Otonomi daerah (Otda) yang diharap mampu mengakselerasi pembangunan daerah jadi mandeg dan kontra-produktif. Tampil arogansi dan over confident yang berlebih, seakan daerah itu adalah tanah perdikan yang lepas kendali dari gerbong besar yang bernama Indonesia.
Padahal Otda adalah mimikri dari federal, federasi atau negara bagian. Istilah itu tidak dipakai hanya karena mengingatkan masa kelam Republik Indonesia Serikat (RIS) buatan Belanda. Jika itu dijalankan dengan benar, saya yakin dampaknya luar biasa bagi percepatan pembangunan daerah bersangkutan.
Kita mungkin perlu belajar dari India. Otda yang disana bernama negara bagian jalan dengan baik. Mumbay dijadikan sentra ekspor-impor, pintu masuk barang dari dan ke negeri ini. Pune sebagai pusat teknologi dan industri, dan New Delhi sebagai area pemerintahan. Berkat itu negeri yang separuh penduduknya miskin itu tampil dengan gagah. Sebagai terhebat teknologi informasinya di dunia, dan sebagai runner up untuk teknologi nuklirnya.
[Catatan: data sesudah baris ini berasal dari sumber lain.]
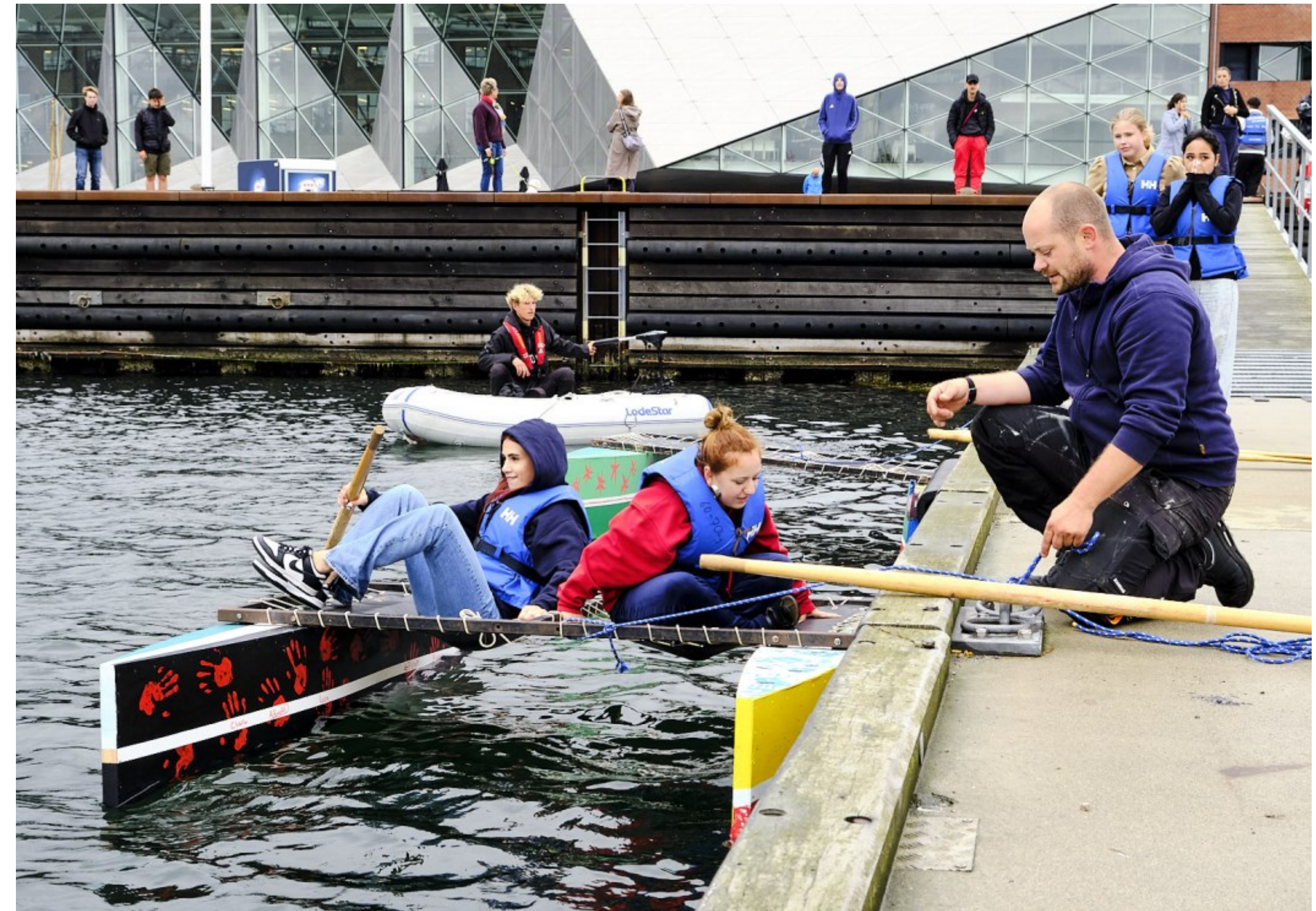
10. klasseskolen havde Håndværk på Havnen, hvor de denne dag skulle sætte deres hjemmebyggede både i vandet ved Helsingør, Kulturværftet. Kl. 11.46

Ketika mengunjungi negeri ini dan kemana-mana naik taksi Fiat butut dengan argo sistem manual, menginap di hotel dengan fasilitas AC 'jelek' serta pemandangan rumah karton di jalanan protokol Mumbay, saya sempat sombong membandingkan itu dengan Indonesia yang serba 'wah'.
Β
Teman India yang saya 'sombongi' tidak menjawab. Dia hanya memandangi saya yang sedang berbusa-busa membanggakan negeri tercinta. Tapi usai saya bicara, teman itu dengan tenang memegang baju saya. Dia singkat bilang 'made in Amerika'. Dia pegang celana saya sambil berkata 'made in England'. Dia pegang sepatu saya seraya berujar 'made in Italy'.
Setelah itu dia ganti memegang bajunya 'made in India'. Dia pegang celananya 'made in India'. Dia pegang sepatunya 'made in India'. Dan dia tunjuk mobil yang diparkir 'made in India'.
Saya diam seribu bahasa. Hati saya teriris. Saya terperangah malu. Betapa jatidiri sebagai bangsa Indonesia hanya terletak dalam bahasa. Tubuh ini telah berganti menjadi manekuin untuk mempromosikan berbagai produk negara lain.
Jadi, agar kekayaan negeri ini mampu mensejahterakan rakyatnya, selain perencanaan yang terintegrasi dan 'patuh' terhadap rencana, yang tak kalah penting adalah kecintaan terhadap produk dalam negeri. Tanpa itu, maka ke depan yang langka tidak hanya lombok, tetapi juga bangsa ini. Hilang terkikis zaman!
*) Djoko Suud Sukahar adalah pemerhati budaya, tinggal di Jakarta.